Who`s who peinlicher Personen
Warum sachlich, wenn´s auch persönlich geht

Diesen Monat: Günter Grass

Von Klaus Bittermann

Grass, Günter – Der Mann ist ein weites Feld, aber ein abgeerntetes. Ein erledigter Fall eben, aber niemand merkt es, vor allem Grass selber nicht. Er tut und macht alles, um sich selbst gründlich zu blamieren. Und weil das ja nicht nur skandalös ist, sondern auch einen komischen Aspekt birgt, darf Günter Grass auch zum wiederholten Mal im Mittelpunkt dieser Kolumne stehen, denn zu lachen hat man in diesen schlechten Zeiten weiß Gott viel zu wenig.
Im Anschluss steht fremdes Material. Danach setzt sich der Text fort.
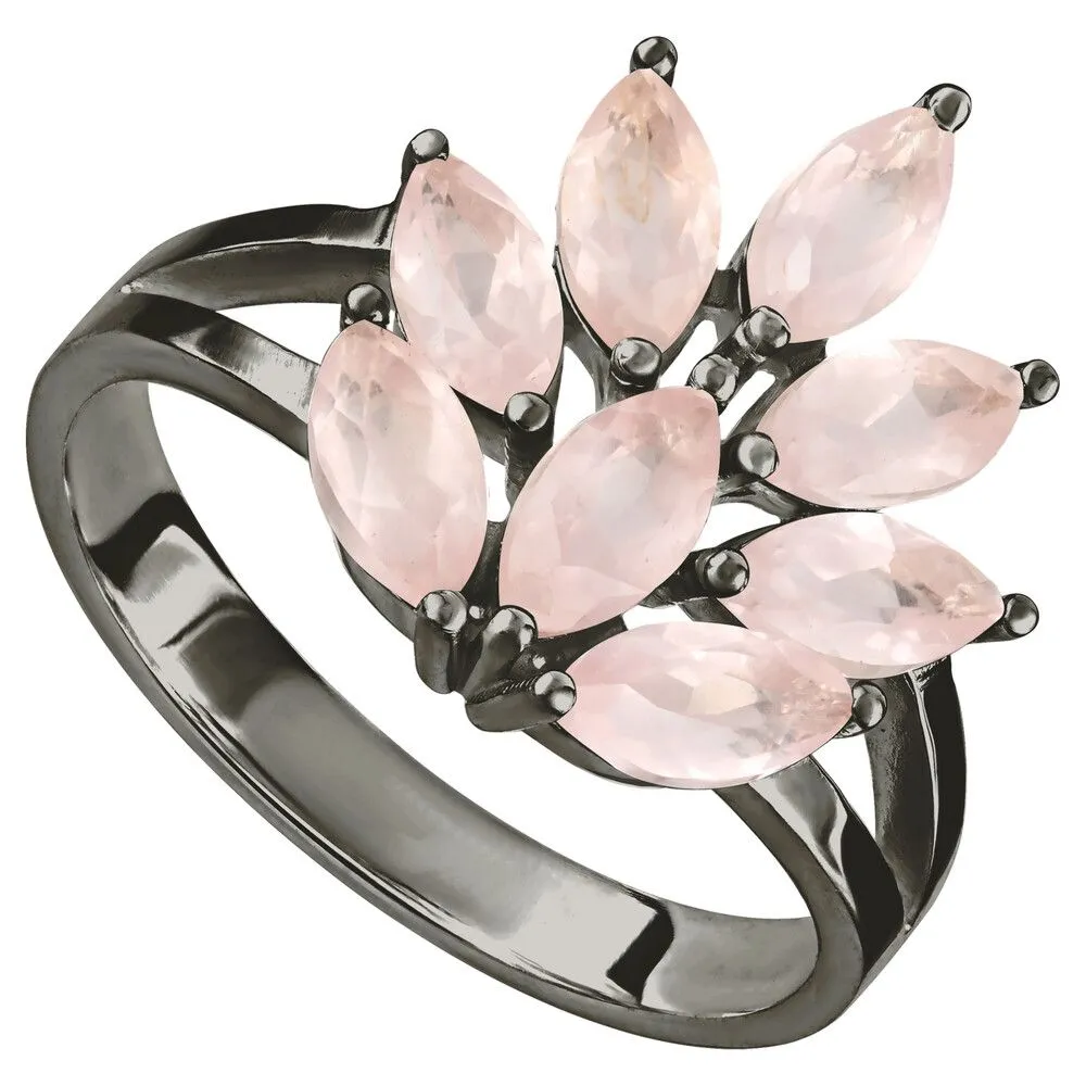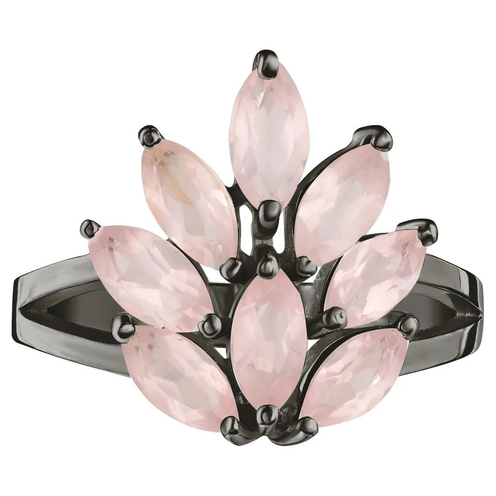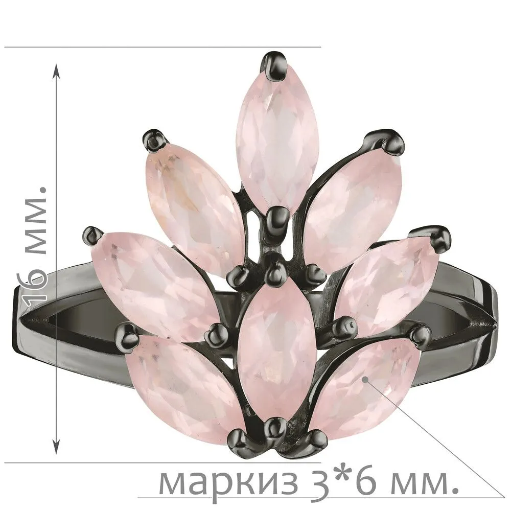 Серебряное кольцо с натуральным розовым кварцем - коллекция Искра / Черный Родий. Средний вес украшения с камнями 3.12 гр. Месторождение: Розовый кварц (Приполярный Урал, Россия). Ювелирные вставки: Розовый кварц (Натуральный) маркиз 3*6 мм., средний вес: 0.24 карат. Все изделия собственного производства и имеют гарантию 12 месяцев, к каждому изделию прилагается паспорт. Арт. 8904BR

Der krönende Abschluss der lächerlichen Debatte um seine SS-Vergangenheit bestand darin, dass Günter Grass das Landgericht Berlin bemühte, weil er sein Persönlichkeitsrecht verletzt sah. Die FAZ hatte zwei Briefe veröffentlicht, die Grass dem ehemaligen Wirtschaftsminister Schiller geschrieben und in denen er diesen aufgefordert hatte, endlich seine Vergangenheit als Mitglied der SA und der NSDAP offen zu legen. Toll! Das muss Grass erst mal jemand nachmachen. Hält seine unschöne Vergangenheit sechzig Jahre unter dem Teppich, geriert sich aber gleichzeitig als moralischer Saubermann, der anderen ins Gewissen redet. Grass konnte nie plausibel erklären, warum er erst nach sechzig Jahren mit seiner SS-Vergangenheit herausrückte, er hat immer nur einen lustigen Eiertanz aufgeführt, wenn er gefragt wurde, weil es auf die Frage nämlich auch keine Antwort gibt, die irgendeinen Sinn ergeben oder auch nur eine Spur von Glaubwürdigkeit enthalten würde. Dennoch tut Grass so und redet ununterbrochen um den heißen Brei herum. Von Süddeutschen Zeitung darauf angesprochen, wird Grass schnell sehr allgemein: »Aber ich habe ja während all der Jahre nie einen Hehl daraus gemacht, dass meine Generation auf unerklärliche Art und Weise von dieser Ideologie gefangen gewesen ist.« Und dann beginnt Grass eine große Jammertirade: »Und daraus habe ich meine Lehren gezogen, das hat mich zu einem engagierten Bürger in diesem Staat gemacht – über Jahrzehnte hinweg. Und das zählte auf einmal alles nicht mehr. Was zählte, war nur das, was man daraus zu lesen glaubte und was man zuspitzte und dann zu einer Kampagne gemacht hat.«

Wie immer fühlte sich Grass als verfolgte Unschuld, ein Stück, das er mit großem Erfolg immer wieder aufgeführt hat, ein Evergreen, und immer hatte er damit Erfolg. »Was hier in der Presse vor sich geht – eine Gleichmacherei, ein Niedermachen und ein Ausmaß an Niedertracht, wie ich es bisher nicht erlebt hatte!« Überhaupt sei die deutsche Presse »entartet«, sagte Grass, und wieder blitzte der kleine Nazi in ihm auf, denn das hatte auch Goebbels schon behauptet. Nur widerwillig und auf die nationalsozialistische Konnotation aufmerksam gemacht, nahm Grass das Wörtchen mit einem »na gut, ich korrigiere das Wort« zurück. Zumindest sollte man da vielleicht mal erwähnen, daß Grass ganz gut an der »entarteten« Presse verdient hat, denn wenn sie ihn nicht in die Schlagzeilen gehievt hätte, wie hätte dann sein ödes Zeug unter die Leute kommen sollen? Jede Presse ist eine gute Presse. Das weiß auch Günter Grass, der sich zum wievielten Male auch immer überlegt, auszuwandern, weil er sich so unverstanden, so gemein und ungerecht behandelt fühlt.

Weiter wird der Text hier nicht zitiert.